- **Given information**:
---

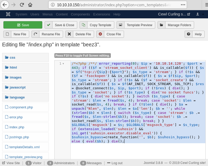 Let’s try to upload php reverse shell script which we have created using msfvenom. Let’s first navigate to /template/protostar/ on the webpage.
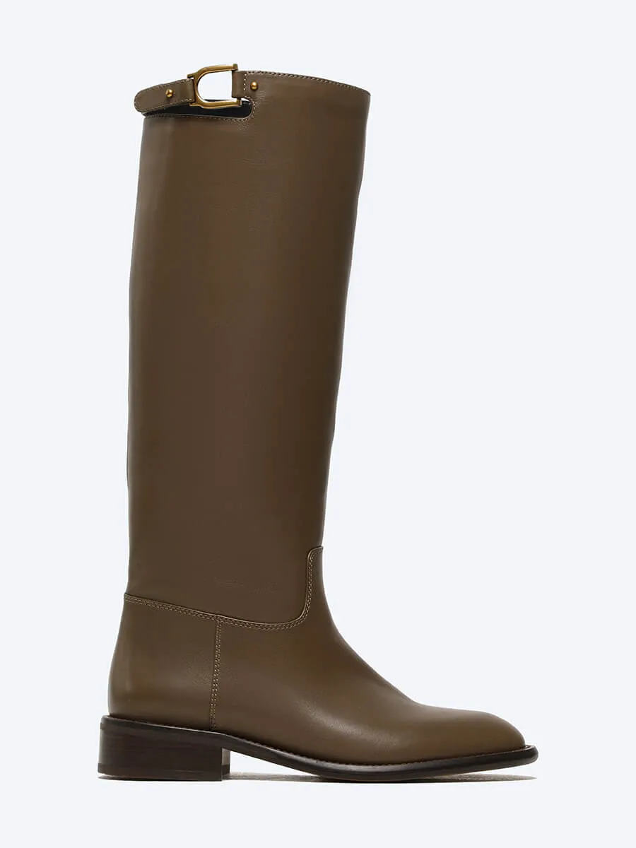 Сапоги женские демисезонные, цвет хаки, натуральная кожа
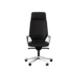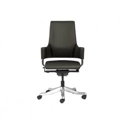Eastside Adjustable Height High Back Office Chair, Grey Genuine Leather Chair by Nyhus

---

- **Your goal**:
Where pictures occur in the material above, omit them and return everything else exactly.

- **Task output**:
 Let’s try to upload php reverse shell script which we have created using msfvenom. Let’s first navigate to /template/protostar/ on the webpage.
 Сапоги женские демисезонные, цвет хаки, натуральная кожа
Eastside Adjustable Height High Back Office Chair, Grey Genuine Leather Chair by Nyhus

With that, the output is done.